◆ **Prompt**
What you return should be the complete data below, word for word, with no pictures in it.

◆ **Supplied data**
'''

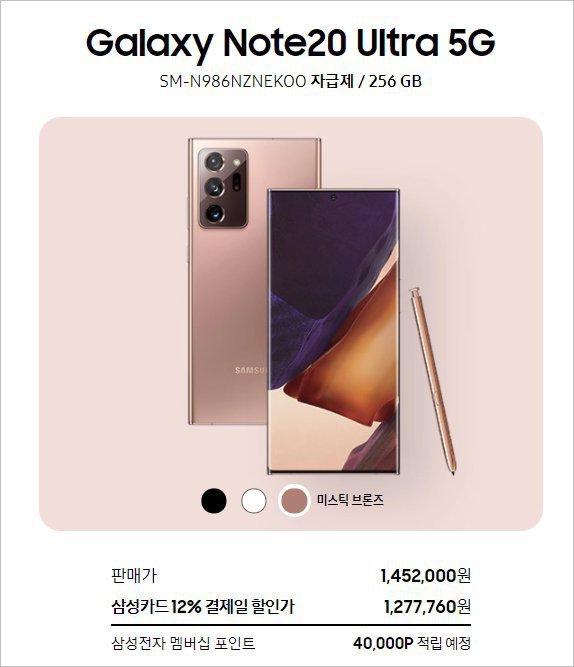 Galaxy Note20 울트라 5G 가격 1,452,000원
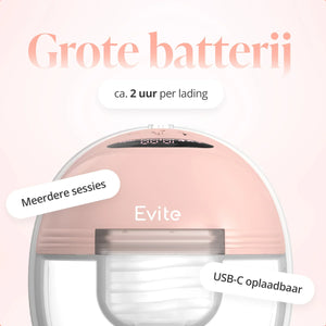 The Evite breast pump is quiet, elegant, and completely hands-free. Designed to naturally support your milk production and provide you with comfort, wherever you are. Easy to clean, gentle to wear, and discreet in use, so you can pump without hassle and with all the freedom you deserve.
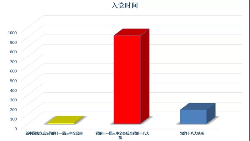 新中國成立后至黨的十一屆三中全會前(1978年12月18日)入黨的10名,黨的十一屆三中全會后至黨的十八大前(2012年11月8日)入黨的916名,黨的十八大以來入黨的145名。
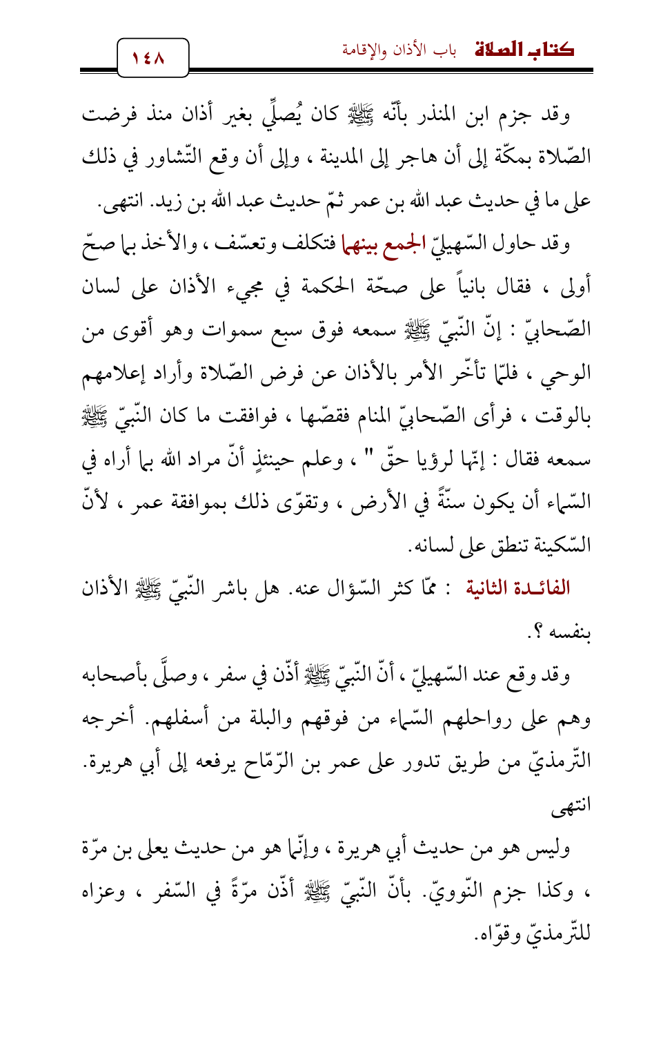 وقد وقع عند السّهيليّ , أنّ النّبيّ - صلى الله عليه وسلم - أذّن في سفر , وصلَّى بأصحابه وهم على رواحلهم السّماء من فوقهم والبلة من أسفلهم. أخرجه التّرمذيّ من طريق تدور على عمر بن الرّمّاح يرفعه إلى أبي هريرة. انتهى

'''

◆ **Output of the exercise**
 Galaxy Note20 울트라 5G 가격 1,452,000원
 The Evite breast pump is quiet, elegant, and completely hands-free. Designed to naturally support your milk production and provide you with comfort, wherever you are. Easy to clean, gentle to wear, and discreet in use, so you can pump without hassle and with all the freedom you deserve.
 新中國成立后至黨的十一屆三中全會前(1978年12月18日)入黨的10名,黨的十一屆三中全會后至黨的十八大前(2012年11月8日)入黨的916名,黨的十八大以來入黨的145名。
 وقد وقع عند السّهيليّ , أنّ النّبيّ - صلى الله عليه وسلم - أذّن في سفر , وصلَّى بأصحابه وهم على رواحلهم السّماء من فوقهم والبلة من أسفلهم. أخرجه التّرمذيّ من طريق تدور على عمر بن الرّمّاح يرفعه إلى أبي هريرة. انتهى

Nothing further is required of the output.